Start of Block
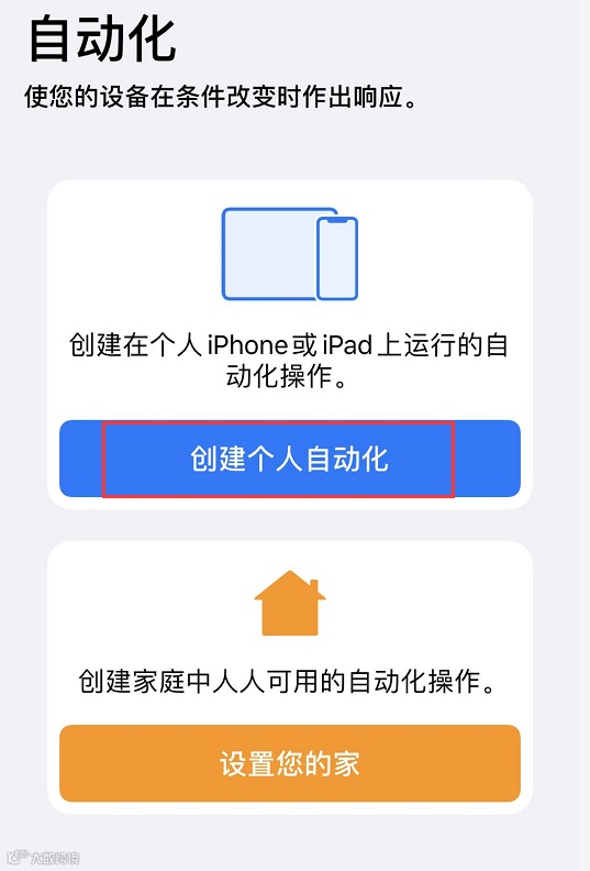 第一步:打开“快捷指令”App(如果您找不到该应用,可以直接前往 App Store 下载),在“自动化”标签页中,点击“创建个人自动化”。
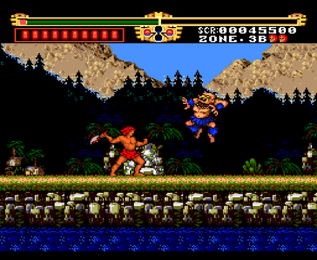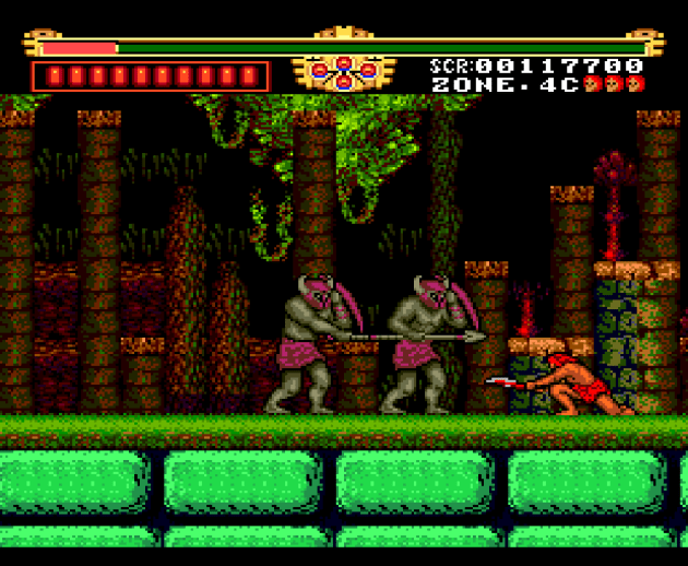 This brief section in the third stage is the game’s platforming at its most complicated. Sometimes you have to jump to a higher series of platforms, but that’s fairly rare. There’s no moving platforms and, at most, you have to time a jump after a fireball or enemies has flown up from the pit you’re crossing. There’s just no imagination at all in Legendary Axe outside the final boss. It’s a remarkably uninspired game. Sadly, some decent jumping physics go to waste.
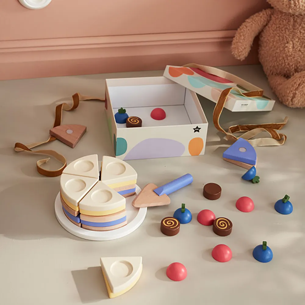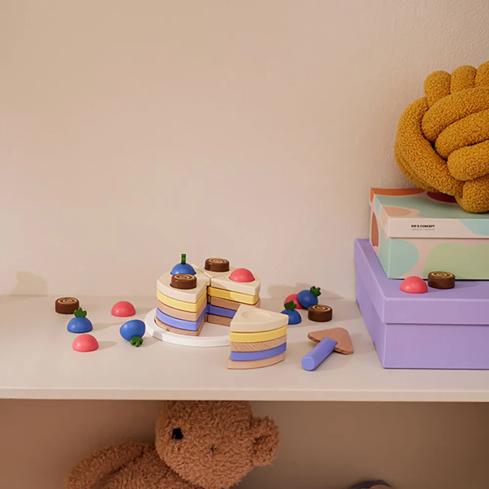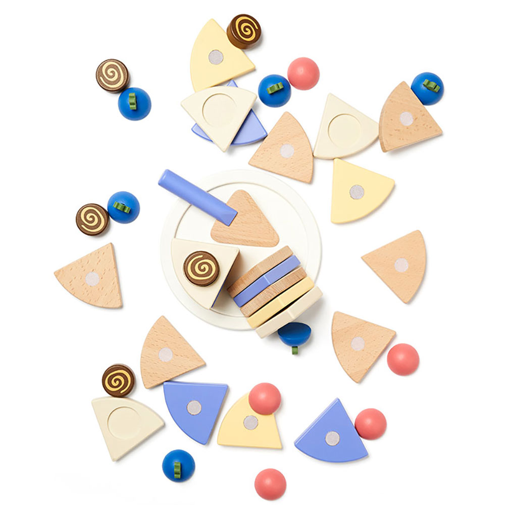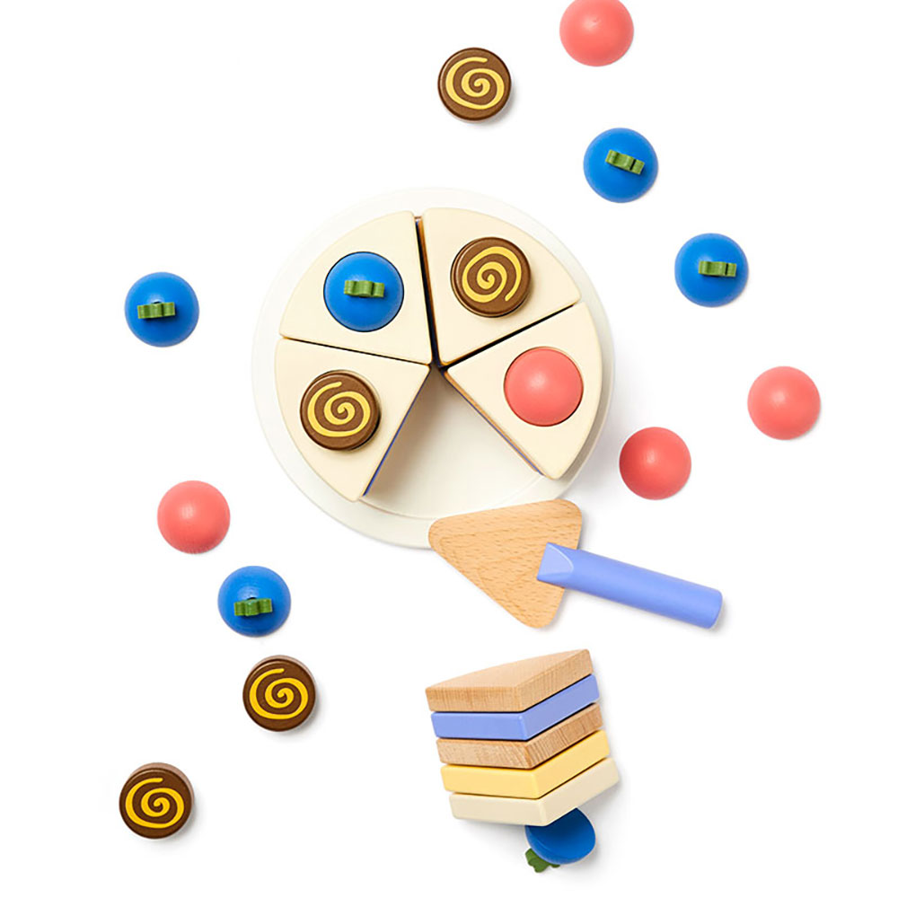 Skapa din egen drömtårta med fem lager! Bygg den lager för lager med vispad grädde, blåbärsmousse och vaniljfyllning. Tack vare kardborren mellan lagren är det enkelt att sätta ihop och ta isär tårtan när du vill. Dekorera med choklad, blåbär och godis för att göra den extra festlig. Tårtan är tillverkad av FSC-certifierat trä, vilket garanterar hållbarhet och kvalitet.
End of Block
Directions for this task: Line by line, give the material above again exactly, but without any pictures.

Result:
 第一步:打开“快捷指令”App(如果您找不到该应用,可以直接前往 App Store 下载),在“自动化”标签页中,点击“创建个人自动化”。
 This brief section in the third stage is the game’s platforming at its most complicated. Sometimes you have to jump to a higher series of platforms, but that’s fairly rare. There’s no moving platforms and, at most, you have to time a jump after a fireball or enemies has flown up from the pit you’re crossing. There’s just no imagination at all in Legendary Axe outside the final boss. It’s a remarkably uninspired game. Sadly, some decent jumping physics go to waste.
 Skapa din egen drömtårta med fem lager! Bygg den lager för lager med vispad grädde, blåbärsmousse och vaniljfyllning. Tack vare kardborren mellan lagren är det enkelt att sätta ihop och ta isär tårtan när du vill. Dekorera med choklad, blåbär och godis för att göra den extra festlig. Tårtan är tillverkad av FSC-certifierat trä, vilket garanterar hållbarhet och kvalitet.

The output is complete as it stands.